Dear Kit,
It's been so long. I know time flies but I have thought of you every one of the roughly 1,590 days since May 19, 2006 when I had to let you go.
The pain has faded but oh God, I sure do miss the one who listened to me unfailingly and without judgment every time I needed it.
I still go to visit your grave when I need you, and I'm so sorry that I've missed watching the last sunset of the year on New Year's Eve as I did for the 18 years we were together.
But I thought of you that night and wished you were still here.
Lots of horses have come and gone since you; however, none have or will ever take your place in my heart.
I keep searching for you in every pair of dark brown eyes I look into but you are never there.

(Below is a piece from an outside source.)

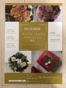 JUGEMテーマ:フラワーアレンジメント 岡山県熊山町の 熊山英国庭園にて アトリエ・tutu フラワーアレンジ教室を開催します 10月6日(土) バラのアレンジ 3800円 11月3日(土) クリスマスアレンジ 12月1日(土) お正月アレンジ 10時から12時 ご予約、お問い合わせ 熊山英国庭園 熊山支所 産業建設課 〒709-0705 岡山県赤磐市松...

And, though I know we had our moments, somehow you stand out in my mind as the gold standard of horses. Every one is weighed and measured against you, and every one is found lacking. Do you think it's like that for everyone and their most memorable horse? Shoud that be considered unfair to the others that come after? You know, that know one will ever fill your footprints.
Floyd is still wonderful, and I forgave him last year when he colicked for being a part of your horrible fatal accident. Sunny is still there, and I can tell that his bully attitude is a direct result of the hell you put him through.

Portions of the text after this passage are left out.